What needs to be done
The line containing "WZNHHBLJRA1157" marks the end: extract everything from the first line of the data through that line, exactly, with no pictures.

Information
>>>>>
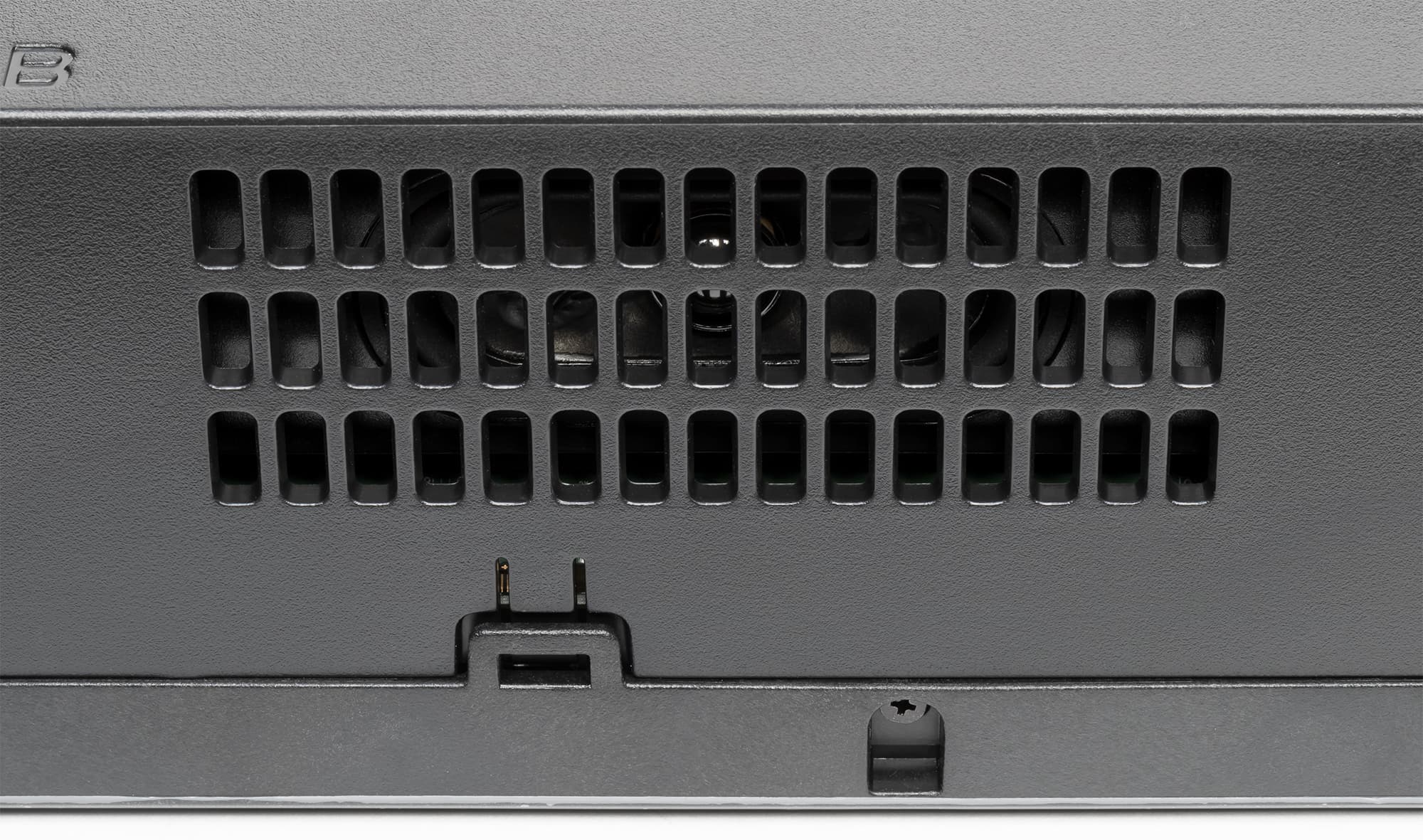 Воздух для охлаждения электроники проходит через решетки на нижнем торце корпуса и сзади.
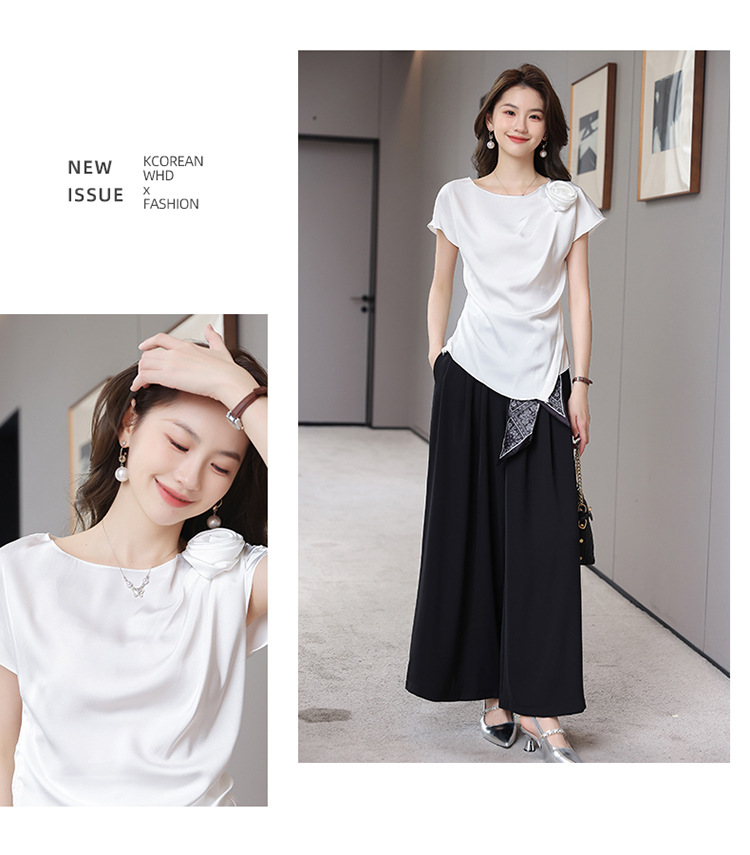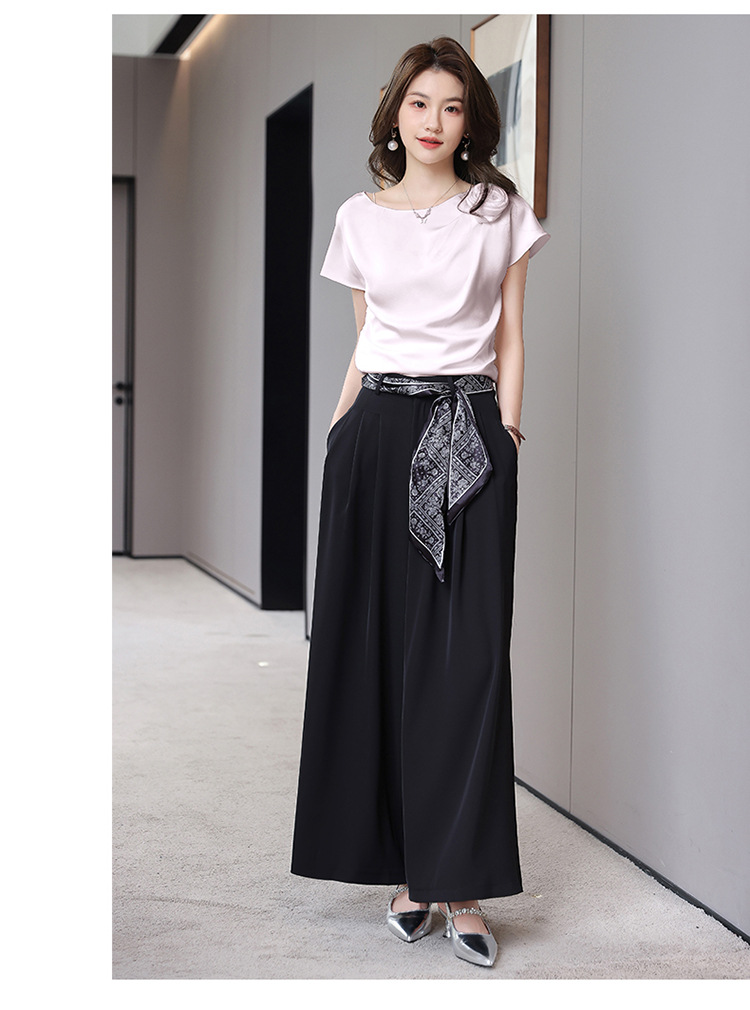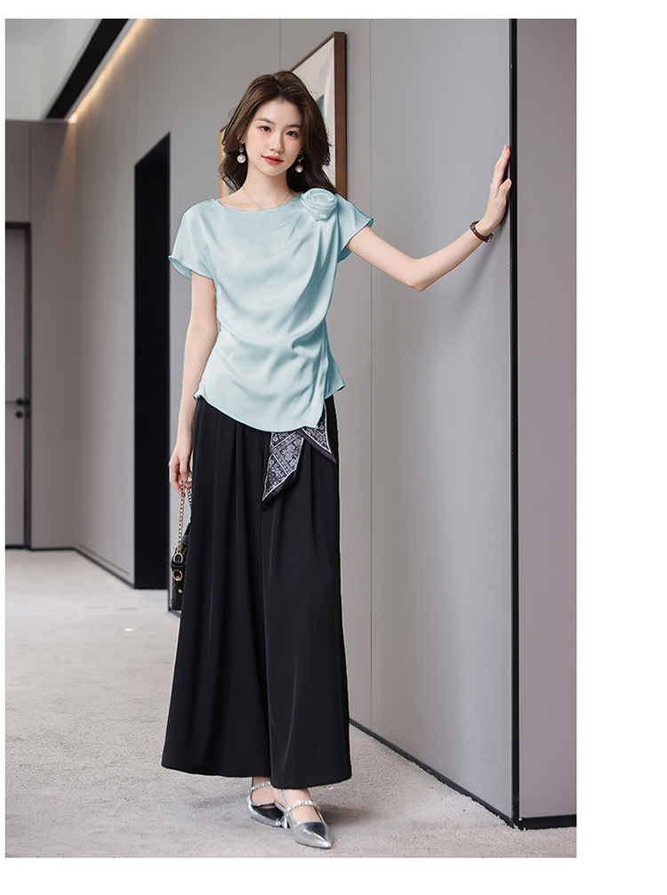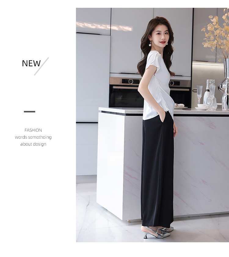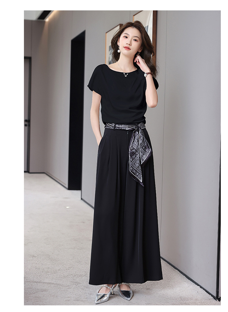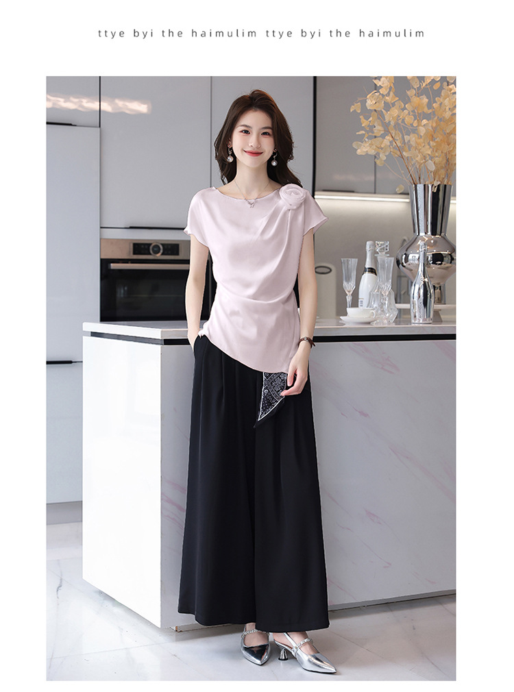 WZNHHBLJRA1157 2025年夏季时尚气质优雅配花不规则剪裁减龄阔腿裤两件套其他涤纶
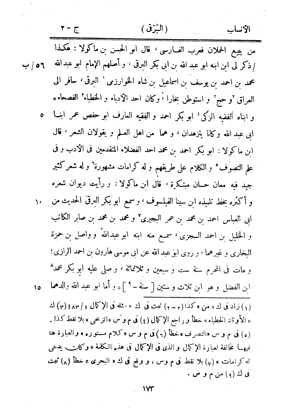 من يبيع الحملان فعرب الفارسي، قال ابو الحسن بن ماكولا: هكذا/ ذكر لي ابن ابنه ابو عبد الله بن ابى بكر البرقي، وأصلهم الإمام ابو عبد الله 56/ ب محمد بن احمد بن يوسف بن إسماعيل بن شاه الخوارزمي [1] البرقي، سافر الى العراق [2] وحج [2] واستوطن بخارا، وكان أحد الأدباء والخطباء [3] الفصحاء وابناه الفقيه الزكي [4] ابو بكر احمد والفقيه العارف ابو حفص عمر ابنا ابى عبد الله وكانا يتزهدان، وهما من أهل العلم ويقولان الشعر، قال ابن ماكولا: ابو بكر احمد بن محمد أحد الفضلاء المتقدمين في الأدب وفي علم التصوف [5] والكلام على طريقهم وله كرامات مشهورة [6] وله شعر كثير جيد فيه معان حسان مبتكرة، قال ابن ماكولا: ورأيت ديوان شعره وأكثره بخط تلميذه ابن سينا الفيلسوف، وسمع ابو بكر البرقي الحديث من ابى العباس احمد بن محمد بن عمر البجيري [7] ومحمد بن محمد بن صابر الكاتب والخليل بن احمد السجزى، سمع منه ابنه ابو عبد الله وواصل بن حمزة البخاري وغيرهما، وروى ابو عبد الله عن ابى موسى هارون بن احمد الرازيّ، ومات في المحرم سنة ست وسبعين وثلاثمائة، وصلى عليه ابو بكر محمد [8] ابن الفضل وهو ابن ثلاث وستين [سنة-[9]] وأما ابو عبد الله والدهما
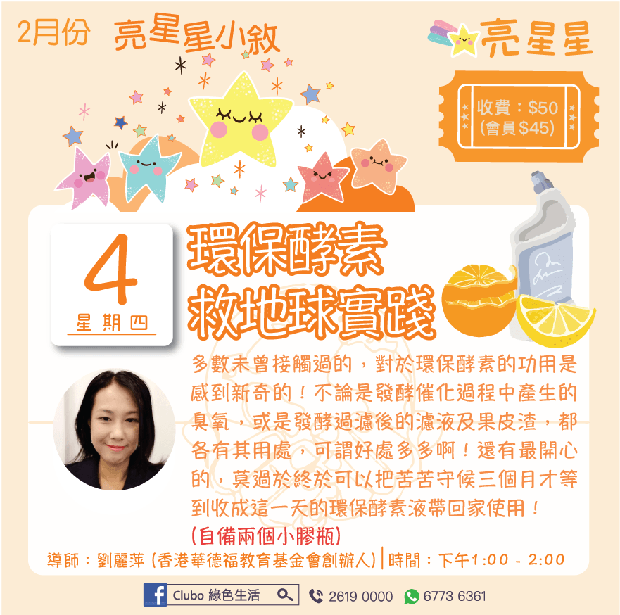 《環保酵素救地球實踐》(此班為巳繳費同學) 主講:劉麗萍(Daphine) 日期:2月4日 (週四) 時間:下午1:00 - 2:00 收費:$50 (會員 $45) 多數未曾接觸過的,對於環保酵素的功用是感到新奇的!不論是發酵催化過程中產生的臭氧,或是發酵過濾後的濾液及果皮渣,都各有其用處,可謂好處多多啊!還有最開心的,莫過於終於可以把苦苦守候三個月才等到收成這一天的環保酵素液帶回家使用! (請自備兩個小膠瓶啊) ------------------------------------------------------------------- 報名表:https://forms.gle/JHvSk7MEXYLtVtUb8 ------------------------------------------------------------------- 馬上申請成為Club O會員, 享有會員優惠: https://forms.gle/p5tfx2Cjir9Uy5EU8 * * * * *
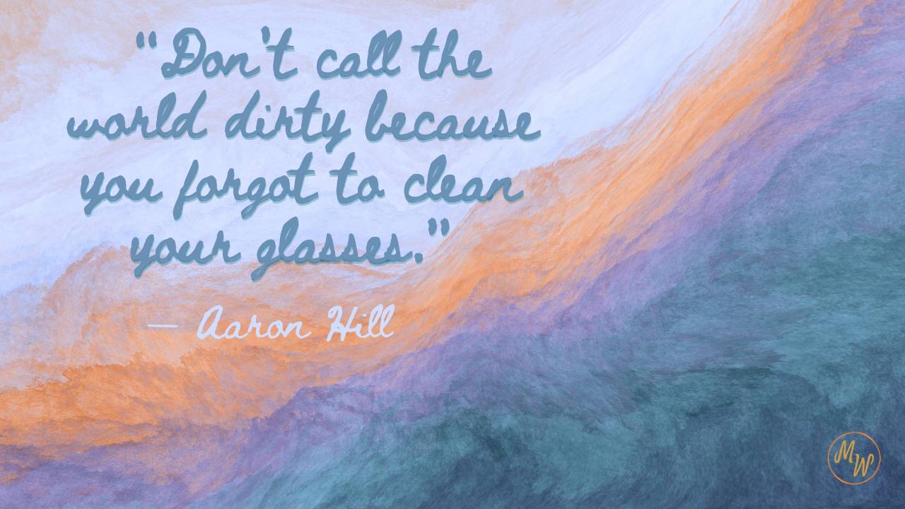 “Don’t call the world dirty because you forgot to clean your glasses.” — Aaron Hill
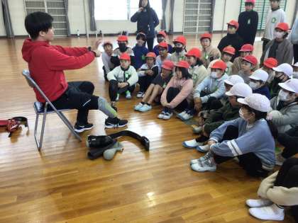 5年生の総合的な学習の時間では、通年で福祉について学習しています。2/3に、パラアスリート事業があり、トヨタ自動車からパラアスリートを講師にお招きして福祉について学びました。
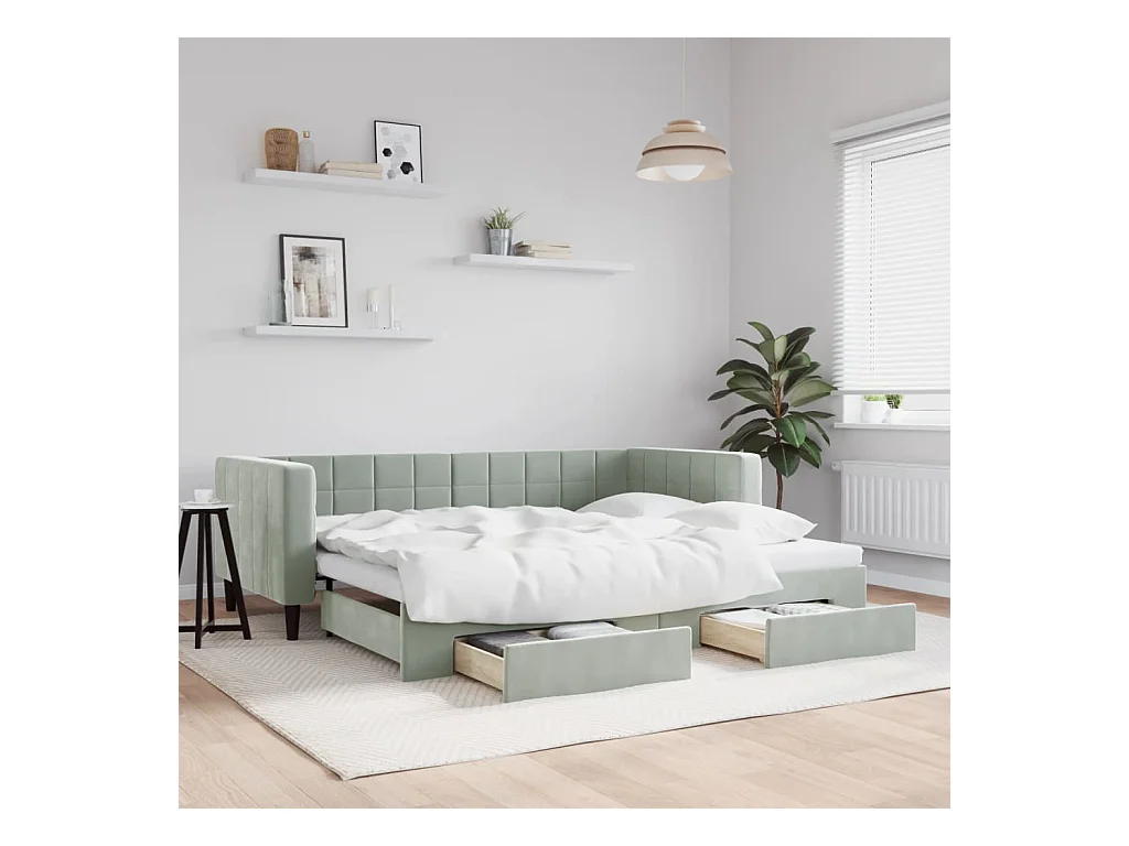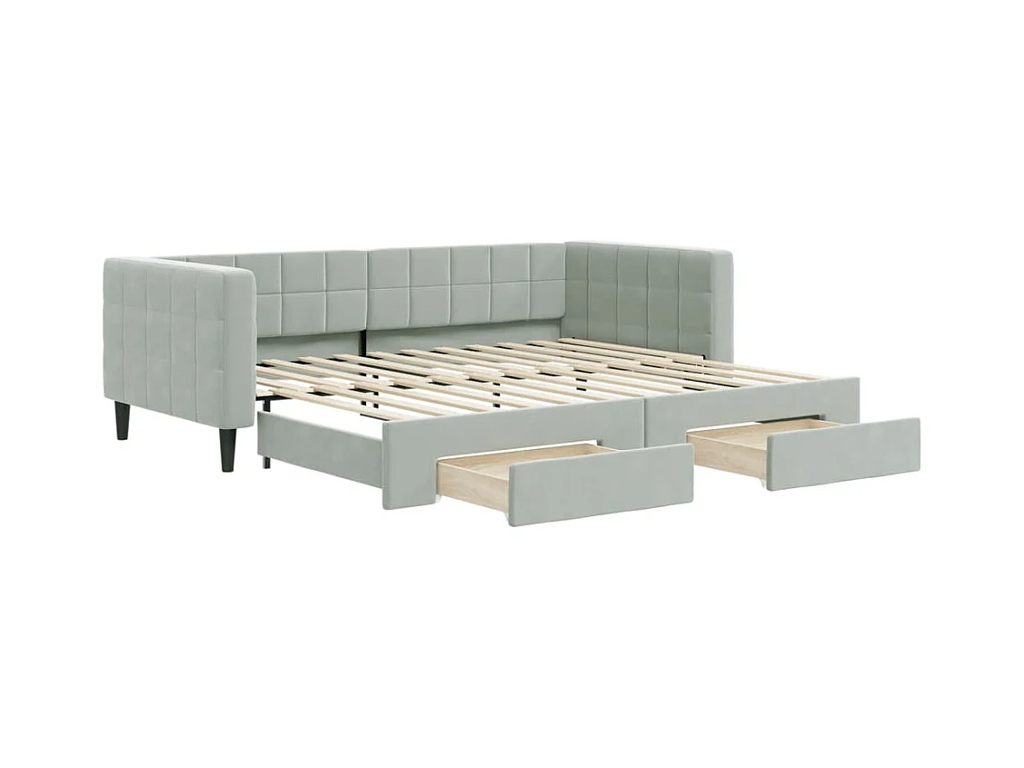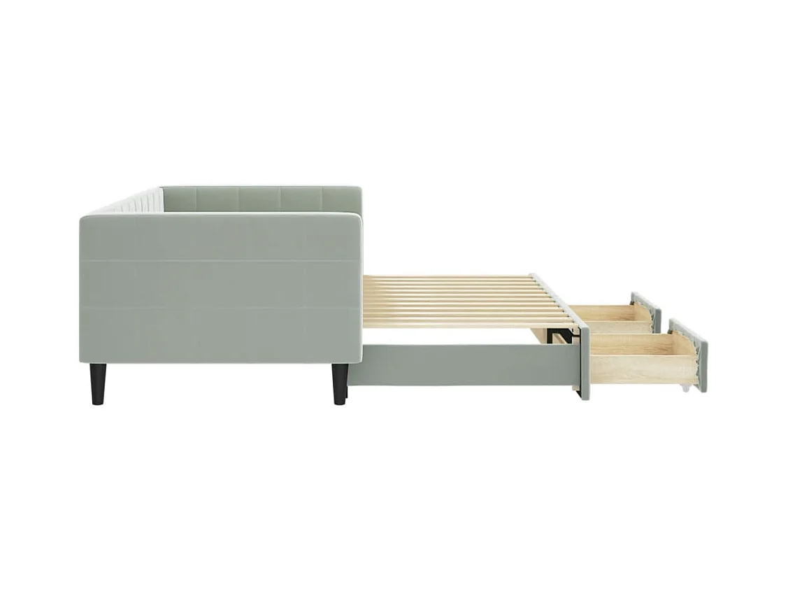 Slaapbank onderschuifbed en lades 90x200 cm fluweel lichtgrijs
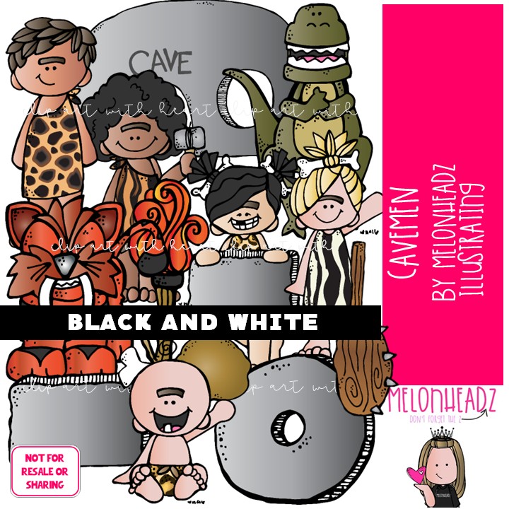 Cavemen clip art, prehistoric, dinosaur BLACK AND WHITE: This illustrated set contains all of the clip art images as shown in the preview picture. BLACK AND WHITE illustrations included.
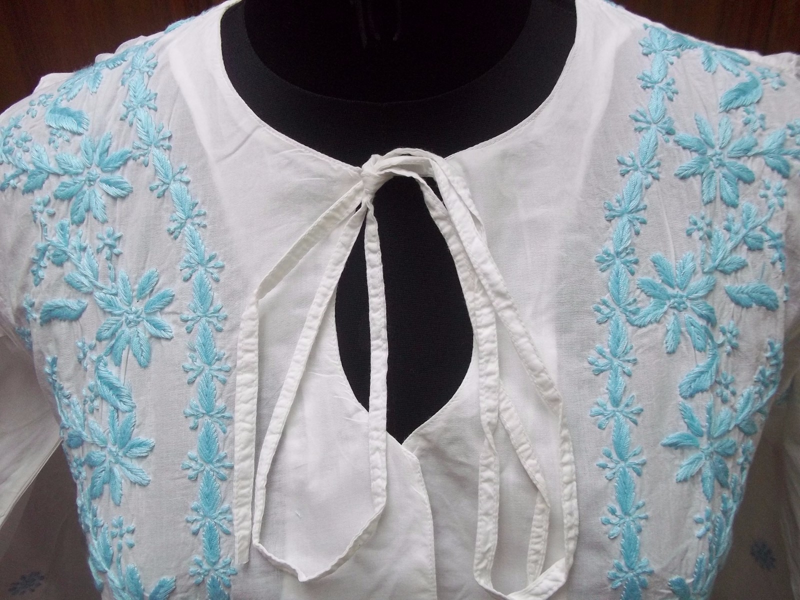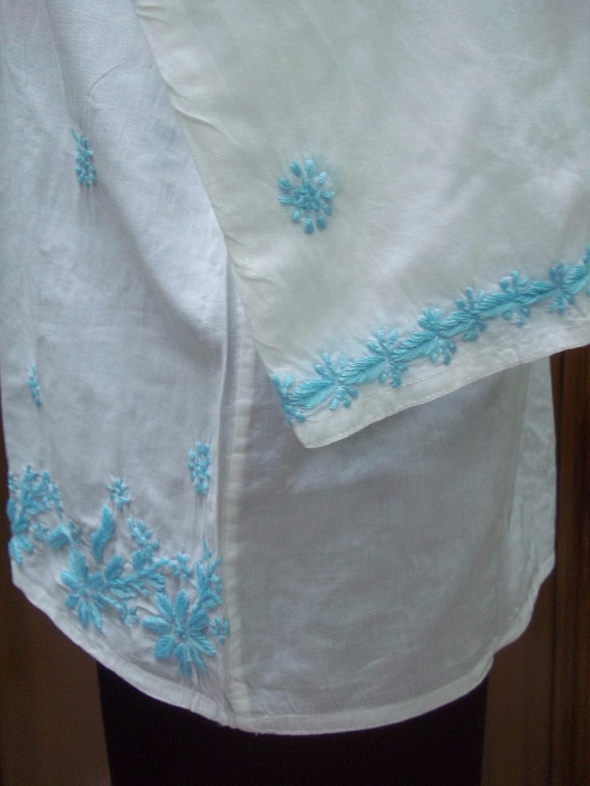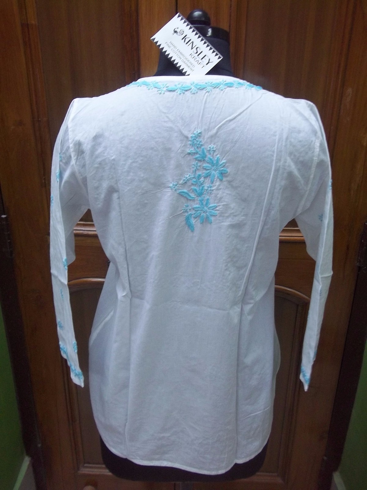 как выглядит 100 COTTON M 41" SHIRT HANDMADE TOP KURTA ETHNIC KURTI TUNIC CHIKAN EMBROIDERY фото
<<<<<
Answer space
 Воздух для охлаждения электроники проходит через решетки на нижнем торце корпуса и сзади.
 WZNHHBLJRA1157 2025年夏季时尚气质优雅配花不规则剪裁减龄阔腿裤两件套其他涤纶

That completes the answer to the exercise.